'An exciting opportunity'

6th July 2018
First team

Billy Reid has explained how Graham Potter will demand a new style both in and out of possession as Swansea City target a Championship promotion push in 2018-19.

Reid has been installed as Potter’s assistant boss at the Liberty Stadium having previously worked with him at Ostersund.

And while the Scot acknowledges that Potter wants to play a progressive, passing game, he says the new Swans manager’s approach is not just about what his teams do when they are on the ball.

“The opportunity to take Swansea back to their playing style and make supporters feel excited going into games is an attractive one,” Reid said.

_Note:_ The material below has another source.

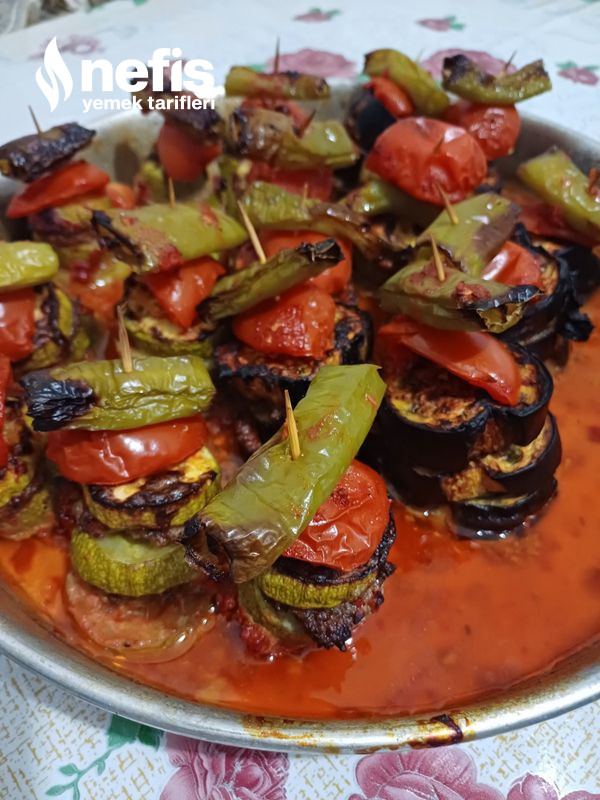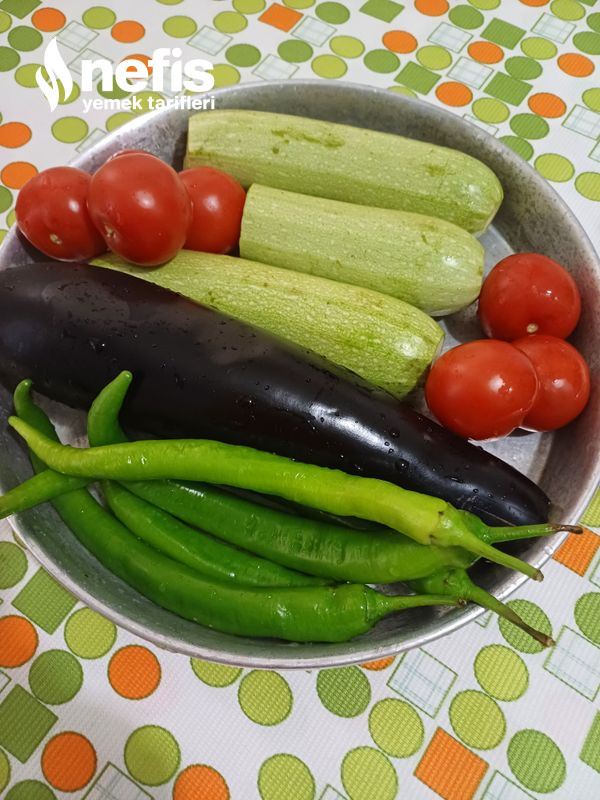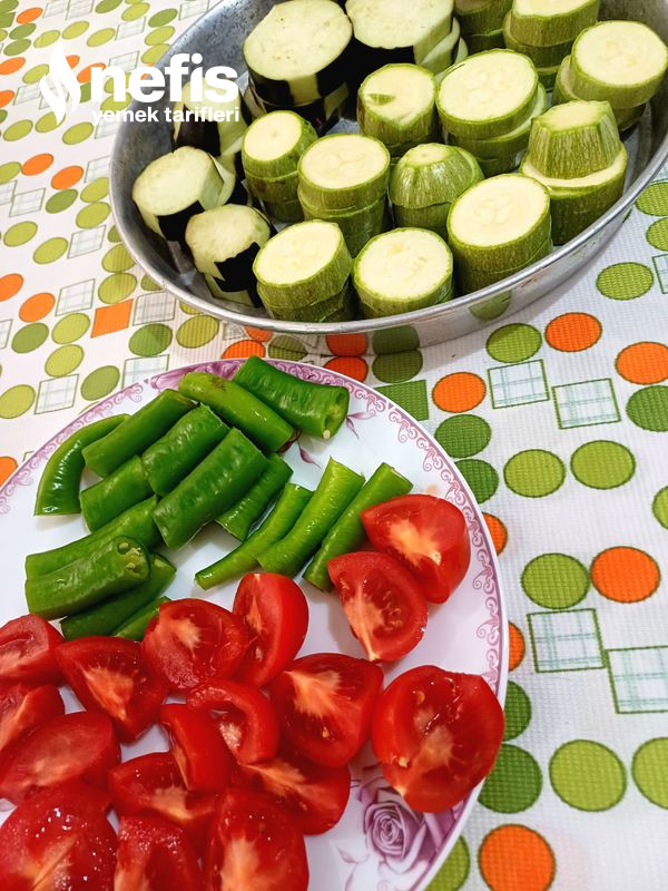 Not! domates ve biberler sebzelerden evvel piştiği için isterseniz sonradan tepsiye ekleyebilirsiniz yada kabak ve patlıcandan evvel çıkarabilirsiniz.

“People think we are possession-based, but out of possession – pressing and working off the ball – is also a big, big thing in our game.

“Coming to a fantastic club like Swansea is a great challenge for us, and that style will be one of the things we look to bring in.”

Reid worked alongside Potter in Sweden for four-and-a-half years.

After a long and successful spell in charge at Hamilton Academical – during which he was once linked with the manager’s job in SA1 – Reid left the Scottish club in the spring of 2013.

Seven months later, he agreed to join Potter’s staff at Ostersund after the pair were put in touch with each other by Roberto Martinez's long-time No. 2 Graeme Jones.

“I had managed Hamilton for seven-and-a-half years and when I left I wanted a change from Scottish football,” Reid explained.

“Graeme Jones told Graham to work with me if he had the chance.

“So Graham invited me over to Sweden and I got a feel for the place. Something felt right so we went for it and the rest is history.

“I found it easy moving from a manager to an assistant.

“I wanted to be involved in the same style that I was used to – a possession-based game on the front foot – and Graham’s team were playing that way.”

Reid, who also managed Clyde before his long stint at Hamilton, brings plenty of experience to the new-look Swans backroom team.

And he says Potter is a manager who will encourage his staff to air their views.

“Graham isn’t the type of manager that keeps me down,” Reid said.

“He allowed me to be myself – that’s why he took me Ostersund.

“It has been an education working under him. In my opinion, he has some fantastic ideas and is a very intelligent football man.